Investigations & Dispute Resolutions

Sealing the deal: When is a settlement reached?

15 December 2017


Sealing the deal: When is a settlement reached?

Ellen Davis, Associate

A recent decision of the Full Bench of the Fair Work Commission demonstrates that while the parties may be confident a deal has been struck, the communications between the parties will be essential in determining, objectively, whether an intention existed to make a concluded and binding settlement.

Background

The Applicant, a 77-year-old with 34 years of unblemished service with the Respondent was dismissed based on his failure to follow safety policies, procedures and guidelines while working in a safety critical location, causing significant risk of harm to himself, his team and members of the public. The Applicant disputed the dismissal.

Prior to the matter being heard, the Applicant and Respondent’s representatives engaged in settlement negotiations and it was said that an agreement to settle was reached in principle. The hearing was vacated, with leave to apply for it to be restored should the parties not be able to agree upon the deed. The Applicant disputed that a binding settlement had been reached between the parties and submitted that the Respondent had made a counter offer which he did not accept.

Offer to Settle

The Applicant proposed to settle on the following terms:

  1. the Applicant would be re-employed;
  2. upon re-employment, the Applicant would perform administrative tasks only;
  3. unless required by the Respondent, the Applicant would not perform any work which would attract overtime and/or penalty rates; and
  4. the Applicant was not to receive any back pay or benefits for the period between termination of employment and re-employment.

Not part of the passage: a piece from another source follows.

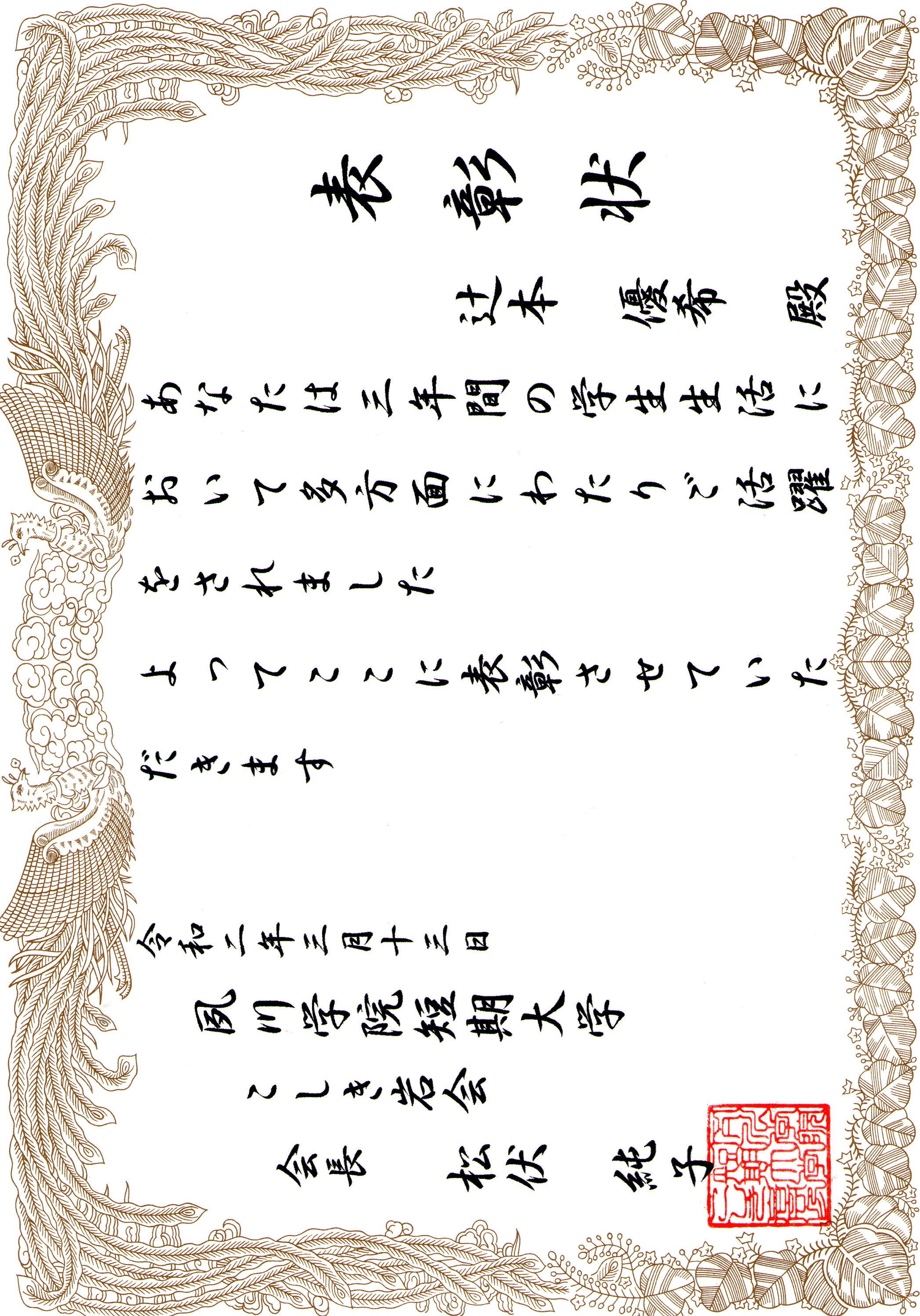 しかしながら、三年間学業に専念され頑張られた辻本さんですので、これから社会へ出られても大いに活躍されることと大変期待しています。

The Respondent accepted the offer, subject to further qualifications provided in a draft deed for the Applicant’s review. The qualifications specified:

  1. re-employment was subject to the passing of a medical assessment (the “First Qualification”);
  2. the Applicant was excluded from working at any safety critical environments (the “Second Qualification”); and
  3. the settlement would be subject to confidentiality (the “Third Qualification”).

The Applicant was of the view that the qualifications did not constitute an acceptance and he sought to relist the matter for a hearing.

The Decision

In resolving whether the matter was settled and the Applicant was precluded from having the matter heard, the Full Bench made the following comments about when an agreement is reached. Acceptance:

  1. corresponds to an offer if it is an unequivocal acceptance of the terms offered;
  2. is not an unequivocal acceptance of the terms offered if it deviates from the offer, even if that deviation is not material or important. However, as a qualification to this principle, if a new term is included in a purported acceptance of an offer and the new term is solely for the benefit of the offeror, then this can constitute a valid acceptance;
  3. will be effective if it does not depart from the terms of the offer, but simply repeats in the offeree’s own words the effect of the offer; and
  4. will be effective if it sets out expressly what would be implied by law in the absence of express agreement. For example, an offer may contemplate that, were it to be accepted, a document would be prepared to record its terms.

Similarly, if a purported acceptance of an offer merely includes the “machinery of working out what was meant by the offer” it does not revoke the offer and may constitute acceptance of the offer.

Ultimately, the question was whether a “reasonable recipient of the acceptance would have regarded it as corresponding to the offer or whether they would have taken the acceptance to be…such that it would amount to a counter offer, or at any rate not an unconditional acceptance of what was originally offered”1 .

The Full Bench considered the Respondent’s three qualifications to the Applicant’s offer. The First Qualification was held as a term capable of being implied. The Second Qualification was held not to be solely for the benefit of the Applicant and deviated from the offer proposed by the Applicant. The Third Qualification deviated from the Applicant’s original offer of settlement.

In addition, the Full Bench held that confidentiality was primarily for the benefit of the Respondent and that there was reason to believe that the Applicant would have wanted to disclose to his colleagues upon his return to work, his dismissal and re-employment. In these circumstances, it could not be said that confidentiality of the settlement was a term that “went without saying”.

As the second and third qualifications proposed new terms that where not for the benefit of the Applicant, the Full Bench held that the Respondent’s purported acceptance of the offer was not effective and there was no binding agreement to settle.

Key takeaways

  • A binding agreement will not be reached unless acceptance is unequivocal, leaving no terms left to be negotiated.
  • A variation to negotiated terms or proposal of an additional term can constitute acceptance provided the variation or additional term is solely for the benefit of the offeror.
  • The communications between the parties are relevant when determining their intention to enter into an in-principle agreement to settle.
Posted in Investigations & Dispute Resolutions.